Obfuscating Text using Jetty

Open a command terminal.
Navigate to the <eftlink installation directory>\lib directory.
Before executing the command below, replace <java> with the location to your JDK version and replace <username> with a meaningful value. Also, replace <password>. The parameter <password> is your desired password or string you wish to obfuscate.
Execute the command.

<java>\bin\java -cp jetty-util-12.0.14.jar org.eclipse.jetty.util.security.Password <Username> <Password>

The output should look something like below. Note that we are only interested in the OBF value for the purposes of this document.

OBF:1oq31uum1xtv1zej1zer1xtn1uvk1or7

MD5:Dc647eB65e6711E155375218212b3964CRYPT:efE.3y6/wNpn6

Running EFTLink Rest API

This section describes how to install EFTLink Rest API as a service.

Windows Configuration

It is possible to install EFTLink Rest API as a windows service, using a third-party wrapper. EFTLink is distributed with a version of Tanuki Software Limited Java Service Wrapper.

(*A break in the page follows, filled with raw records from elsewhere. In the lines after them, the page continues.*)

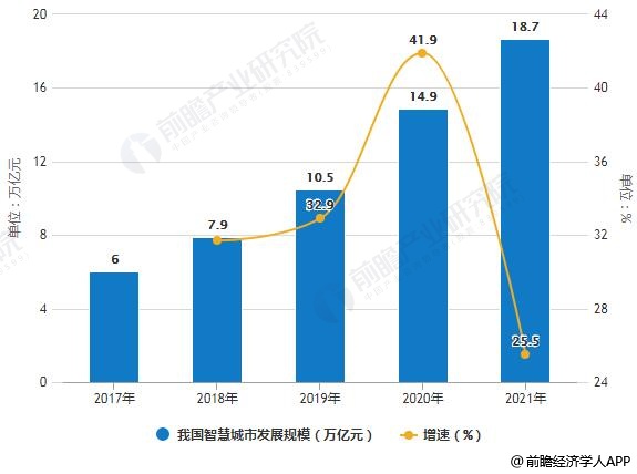 2017-2021年我国智慧城市发展规模统计及增长情况预测
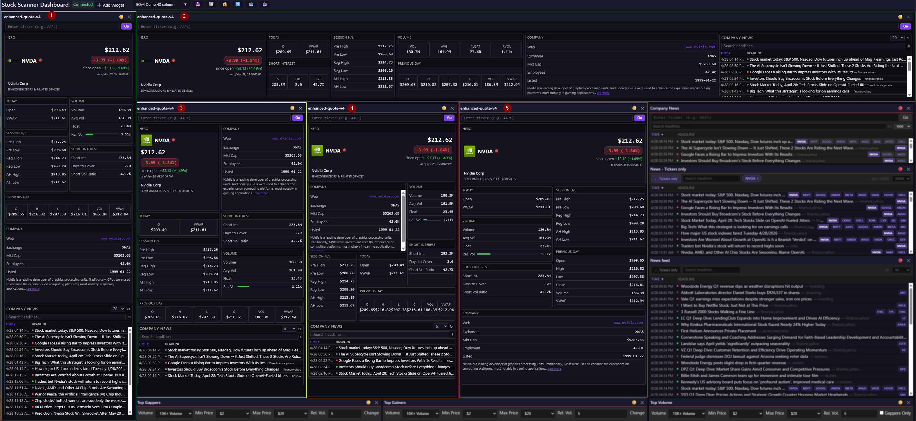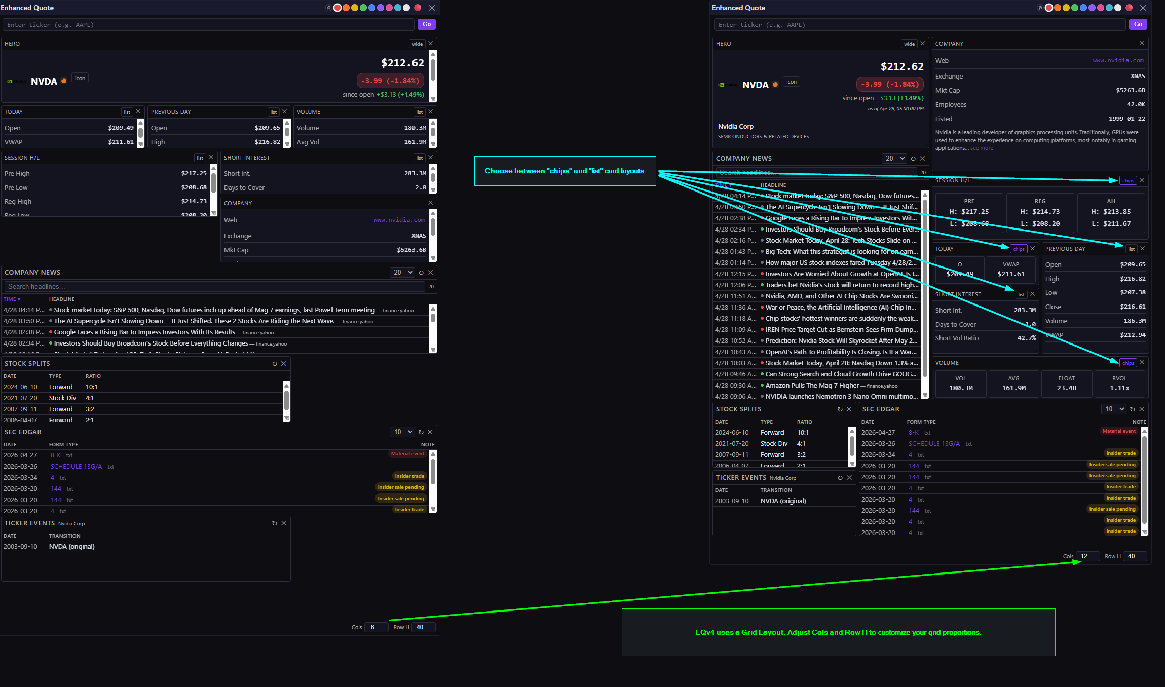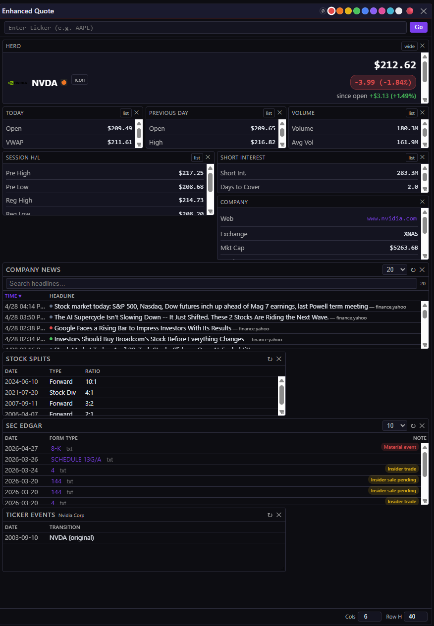 EQv4 (Enhanced Quote widget) — grid layout. All the EQv3 cards plus SEC EDGAR Index, Stock Splits, Ticker Events, and Company News. (EQv4 calls Finlight directly for the Company News card — it doesn’t go through the Widget Data Service like the standalone Company News widget does.)
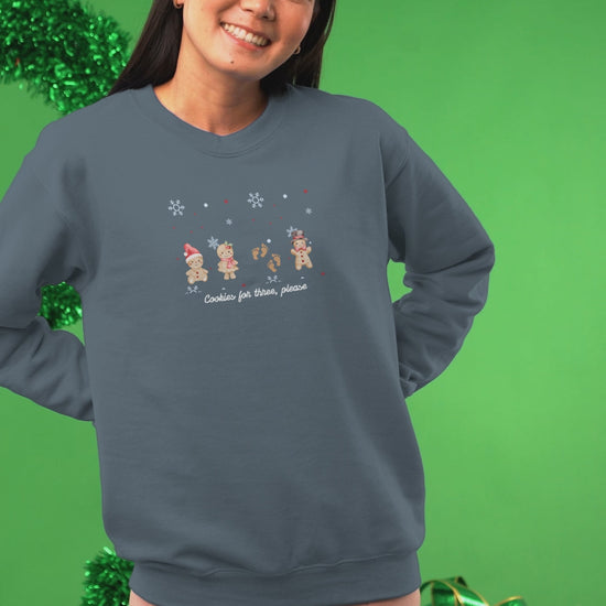 Cookies For Three Please Christmas Pregnancy Announcement Sweatshirt, Baby Reveal Sweater, Pregnancy Reveal Sweater
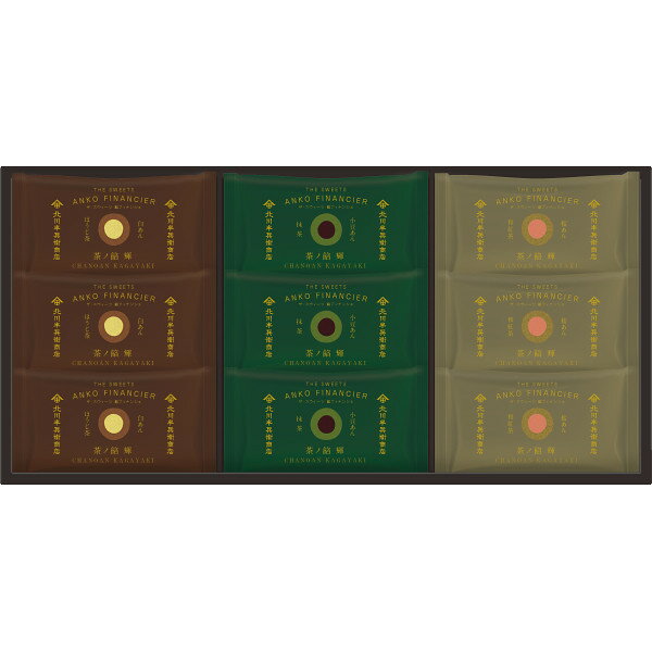 北川半兵衞商店×ザ・スウィーツ 餡フィナンシェ(9個)■商品情報■●餡フィナンシェ(抹茶&小倉あん・ほうじ茶&白あん・和紅茶&桜あん×各3)文久元年創業、京都・宇治の茶問屋 北川半兵衛商店の茶葉を使用した和スイーツ。コロンとした丸型のフィナンシェ生地は、抹茶・ほうじ茶・和紅茶の3種類の茶葉を選定し練りこんでいます。それぞれの生地にあずき餡・しろ餡・さくら餡をかけ合わせ、茶葉の風味としっとり感のある餡フィナンシェに仕上げました。■アレルギー商品情報■卵:あり 乳成分:あり 小麦:あり えび:なし かに:なしそば:なし 落花生:なし くるみ:なし アーモンド:ありあわび:なし いか:なし いくら:なし オレンジ:なし 牛肉:なしキウイフルーツなし さけ:なし さば:なし大豆:あり 鶏肉:なし バナナ:なし 豚肉:なしカシューナッツ:なし やまいも:なし りんご:なしゼラチン:なし もも:なし ごま:なし魚介類:なし マカダミアナッツ:なしお中元、お歳暮、内祝など様々な贈答・ギフトに最適♪日頃の感謝を形にして贈ってみませんか?喜ばれること間違いなし・7営業日前後でメーカーから直送■ ギフト、熨斗入れに関して ■熨斗入り発送をご希望の場合、「表書き」「名入れ」をご注文画面に進んでいただき、備考欄にご記入ください
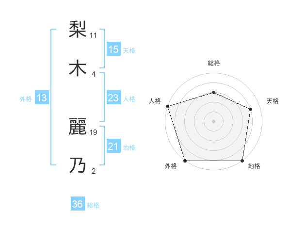 梨木 麗乃さんを姓名の画数から五運を鑑定
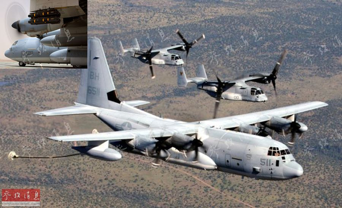 受空军将MC-130改装为炮艇机的启发,美海军陆战队也于2009年8月启动了“收割鹰”计划,将一部分现役的KC-130J加油机改装为模块化多用途炮艇机,小图为挂载地狱火导弹起飞的KC-130J“收割鹰”。

Follow the steps below on how to configure EFTLink to run as a Windows service.

Install the Service.
1. Open a command terminal.
2. Navigate to the <eftlink installation directory> directory.
3. To install EFTLink Rest API as a window service, enter eftlink-rest-api install.
4. If there are problems during installation, you can remove the service by entering eftlink-rest-api remove. This may be necessary if the service is previously installed in a different folder. The service can then be reinstalled at the correct location by entering eftlink-rest-api install.
5. Once installed, the service can be started and stopped from a command line:
  
  eftlink-rest-api start
  
  eftlink-rest-api stop
6. The service can also be controlled from the Windows Services Control Panel applet (Rest API).
Examine the log file Wrapper.log.
1. The log file can be found in in <eftlink installation directory>\log and is called eftlink-rest-api_wrapper.log.
2. Installing, starting the service, stopping the service, and uninstalling the service are all briefly logged in eftlink_wrapper.log. This can be used to diagnose any problems.

Linux Configuration

It is possible to run EFTLink-rest-api as a service, using a third-party wrapper. EFTLink-rest-api is distributed with a version of Tanuki Software Limited Java Service Wrapper.

Note:

You may be required to give script file(s) execution rights. This can be accomplished by opening a terminal window and typing:

sudo chmod +x <PathToFile>

for example, sudo chmod +x /opt/eftlink/eftlink-rest-api.sh

Follow the steps below on how to configure EFTLink to run as a service.

Running EFTLink-rest-api.
1. From a terminal, change to the directory for EFTLink.
  
  For example, enter cd /opt/eftlink.
2. To run EFTLink-rest-api as a service from a terminal, enter the following command sudo./eftlink-rest-api.sh start.
3. To stop, check the status, or to restart EFTLink-rest-api from a terminal, enter one of the following commands:
  
  sudo./eftlink-rest-api.sh stop
  
  sudo./eftlink-rest-api.sh status
  
  sudo./eftlink-rest-api.sh restart
  
  sudo./eftlink-rest-api.sh condrestart
Examine the log file Wrapper.log.
1. The log file can be found in the designated EFTLink folder\log\eftlink-rest-api_wrapper.log
2. Starting the service and stopping the service are all briefly logged in wrapper.log. This can be used to diagnose any problems.

Self-Signed Certificate Trust

To trust the self-signed certificate in your browser:

Start EFTLink and EFTLink-Rest-API service.
Open your browser.
Navigate to https://localhost:8443/.
The browser will warn you that your connection is not private. Click on Advance.
Click Proceed to localhost (unsafe).
Disregard the 404 not found error.
Your browser is now ready to communicate with the REST API using your code in the HTML file.
As an additional check to ensure the REST API service is running, you can perform a ping-pong test.
Enter https://localhost:8443/ping into your browser.

You should receive a “pong” response.